Provided data:
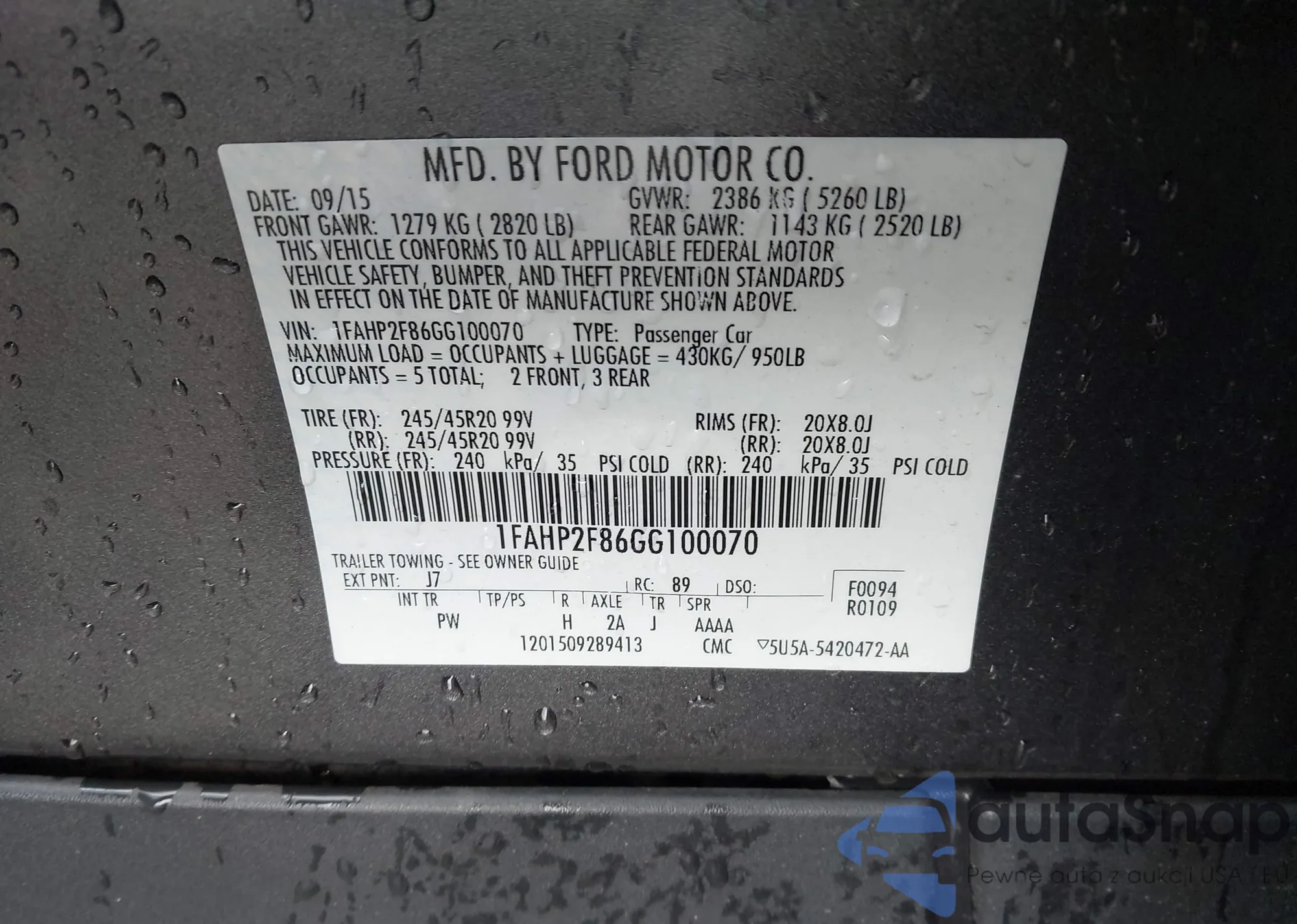 LOT: 96126855 VIN: 1FAHP2D87FG135217
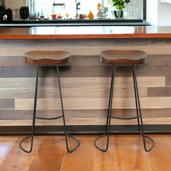 31 in. Chestnut Backless Metal Bar Chair with Wood Seat Set of 2
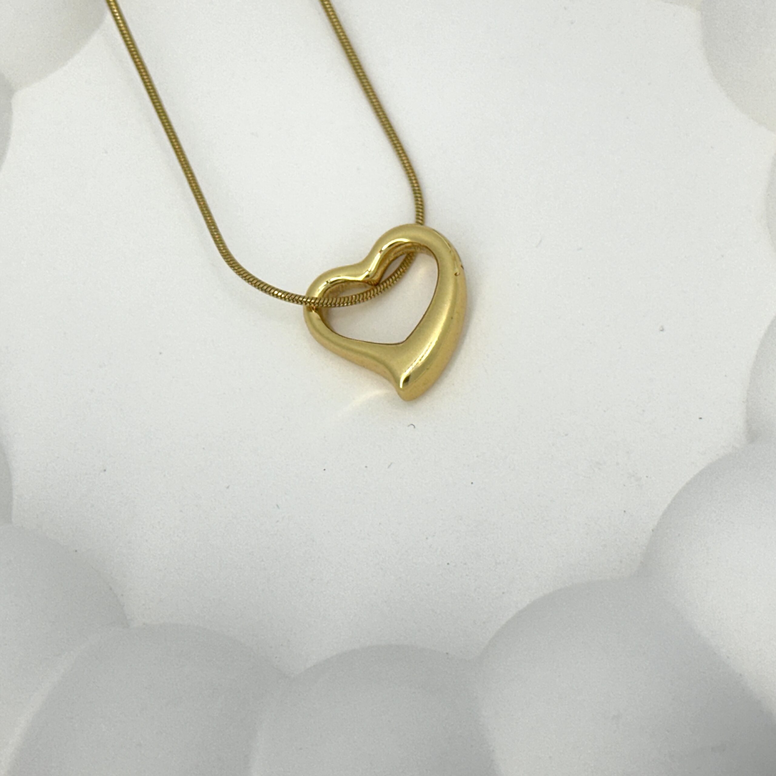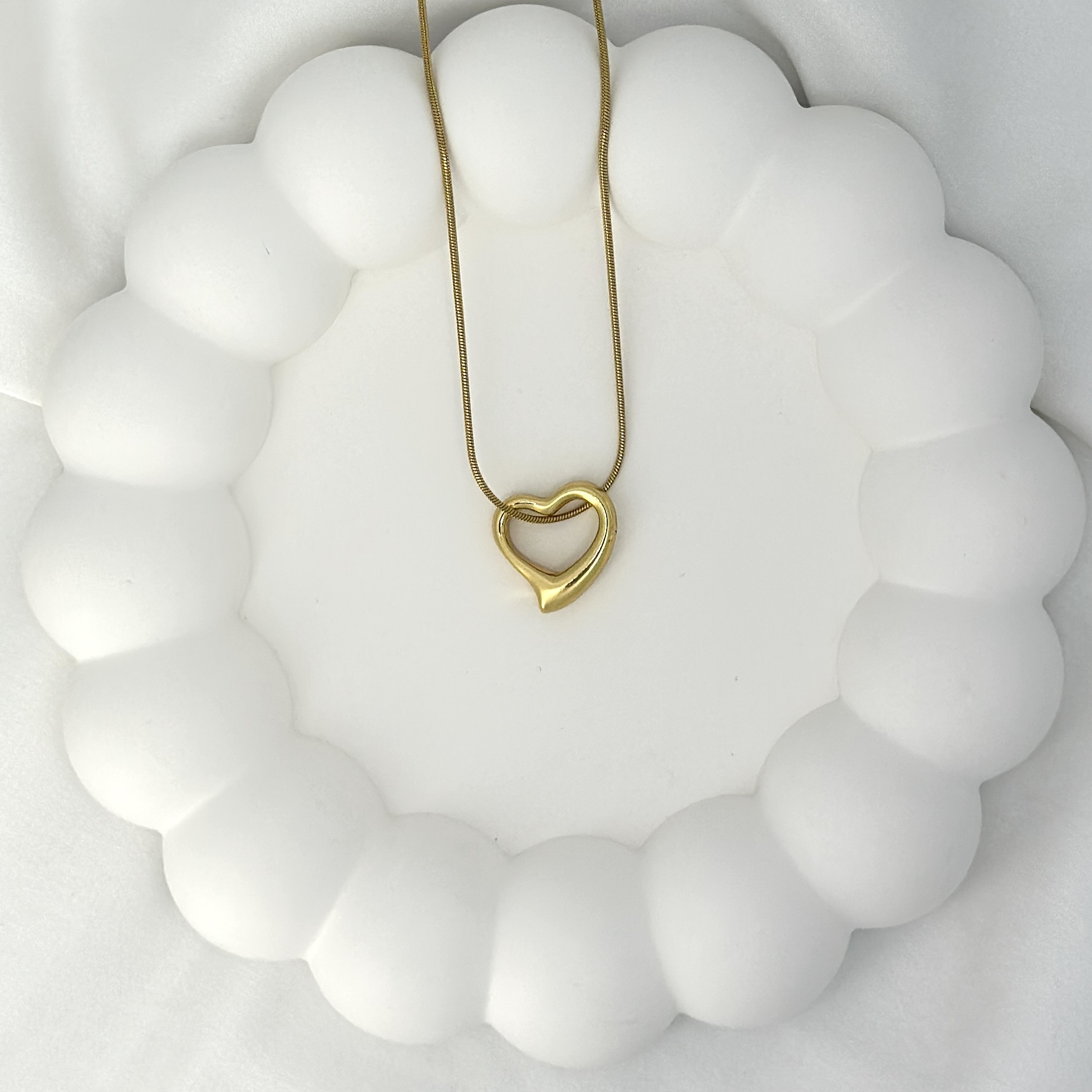 An open, fluid heart rendered in a single, sculpted sweep, the Drift Heart Necklace reads as modern and unexpectedly soft at once. The pendant’s asymmetric silhouette has a gentle inward curl that gives it personality from every angle; its polished surface reflects light in quiet flashes, emphasizing the piece’s smooth, tactile curves. Because the heart is hollow and low-profile, the overall effect is airy rather than heavy, a minimalist symbol made warm by its organic shape. Suspended on a slim, snake-style chain, the pendant sits close to the throat and moves naturally with the wearer, offering a subtle focal point that’s easy to wear day after day. The design translates well across styles: it feels clean and architectural with tailored pieces, and quietly romantic with softer, feminine silhouettes. Finished with a protective anti-tarnish coating, the Drift Heart keeps its luminous presence through regular wear without calling attention to the treatment.

Requirement: Write out the whole listing above exactly; do not include the pictures.

Your response:
 LOT: 96126855 VIN: 1FAHP2D87FG135217
 31 in. Chestnut Backless Metal Bar Chair with Wood Seat Set of 2
 An open, fluid heart rendered in a single, sculpted sweep, the Drift Heart Necklace reads as modern and unexpectedly soft at once. The pendant’s asymmetric silhouette has a gentle inward curl that gives it personality from every angle; its polished surface reflects light in quiet flashes, emphasizing the piece’s smooth, tactile curves. Because the heart is hollow and low-profile, the overall effect is airy rather than heavy, a minimalist symbol made warm by its organic shape. Suspended on a slim, snake-style chain, the pendant sits close to the throat and moves naturally with the wearer, offering a subtle focal point that’s easy to wear day after day. The design translates well across styles: it feels clean and architectural with tailored pieces, and quietly romantic with softer, feminine silhouettes. Finished with a protective anti-tarnish coating, the Drift Heart keeps its luminous presence through regular wear without calling attention to the treatment.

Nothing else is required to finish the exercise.